What this task involves: Output only the stretch of the listing that starts at the line containing "Cosmetics, fashion and" and ends at the line containing "Prodej obchodního prostoru", reproduced exactly with both ends.

[Data — start]

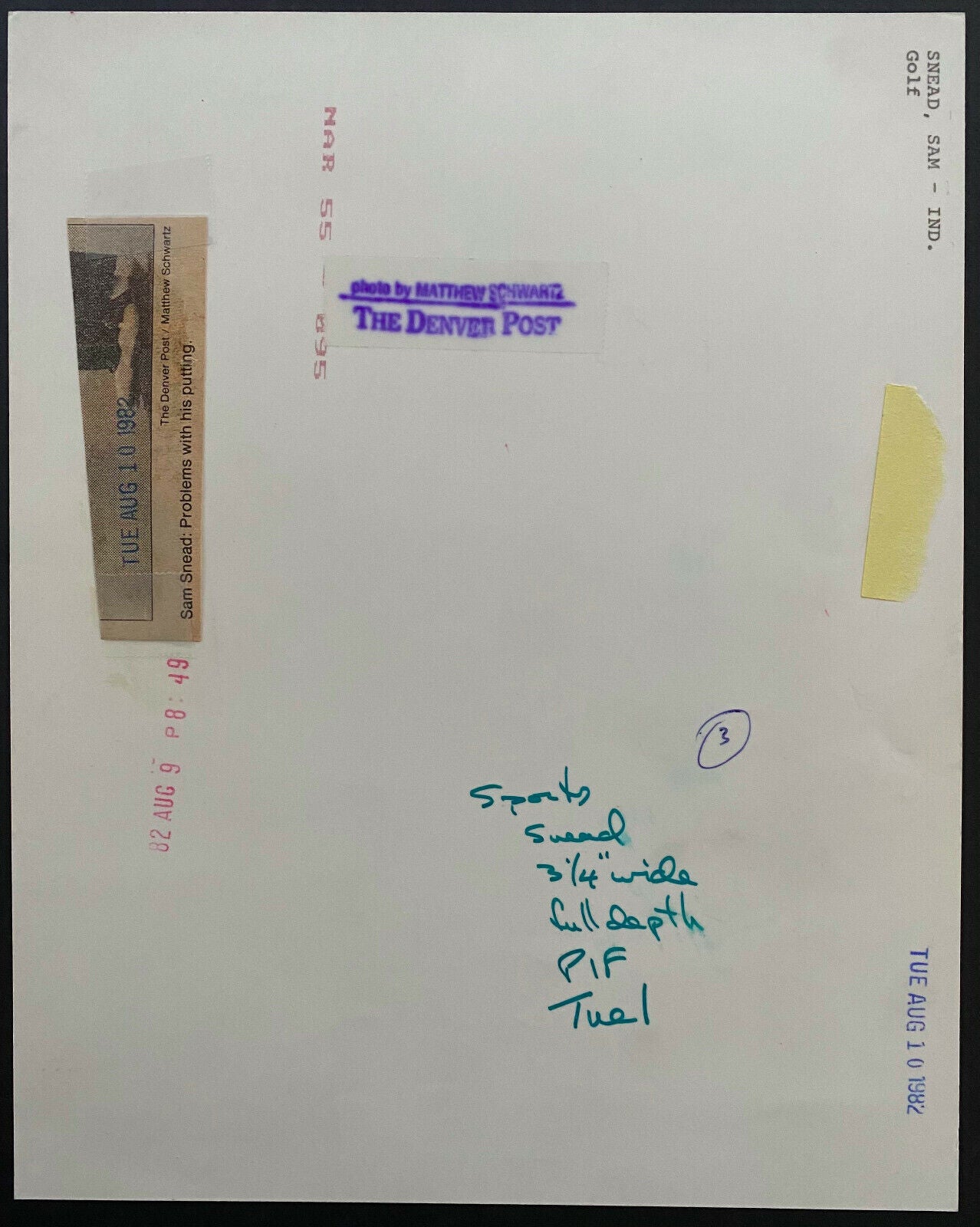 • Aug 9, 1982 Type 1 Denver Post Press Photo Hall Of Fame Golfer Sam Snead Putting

[Data — finish]
[Data — start]

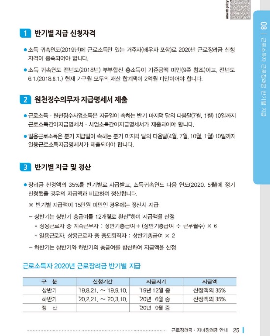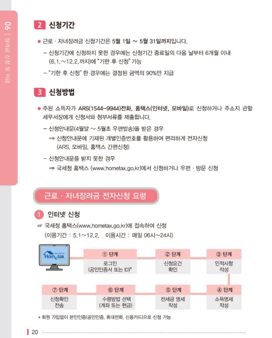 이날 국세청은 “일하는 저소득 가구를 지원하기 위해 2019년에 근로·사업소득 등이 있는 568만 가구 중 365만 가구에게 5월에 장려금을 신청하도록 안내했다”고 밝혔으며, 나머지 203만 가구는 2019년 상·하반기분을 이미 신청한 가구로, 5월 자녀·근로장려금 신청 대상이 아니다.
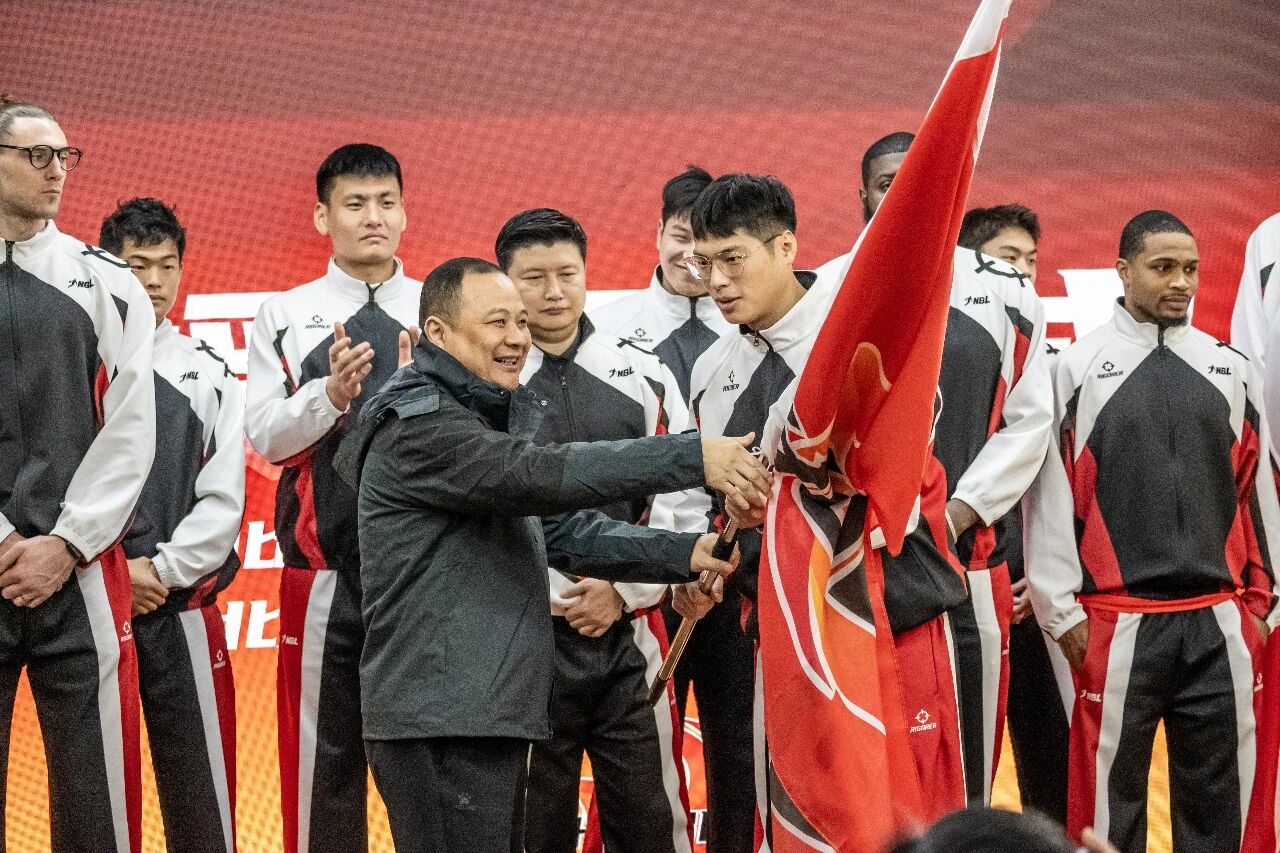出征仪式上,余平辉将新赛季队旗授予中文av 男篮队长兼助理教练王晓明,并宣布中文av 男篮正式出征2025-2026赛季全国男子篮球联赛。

[Data — finish]
[Data — start]

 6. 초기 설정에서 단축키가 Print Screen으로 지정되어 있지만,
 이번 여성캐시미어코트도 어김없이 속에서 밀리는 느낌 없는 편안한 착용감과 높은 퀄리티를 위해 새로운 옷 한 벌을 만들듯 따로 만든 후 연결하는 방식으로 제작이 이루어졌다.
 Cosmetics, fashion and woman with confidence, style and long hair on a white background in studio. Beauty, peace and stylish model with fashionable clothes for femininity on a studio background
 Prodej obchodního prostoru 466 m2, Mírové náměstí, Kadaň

[Data — finish]

Answer space:
 Cosmetics, fashion and woman with confidence, style and long hair on a white background in studio. Beauty, peace and stylish model with fashionable clothes for femininity on a studio background
 Prodej obchodního prostoru 466 m2, Mírové náměstí, Kadaň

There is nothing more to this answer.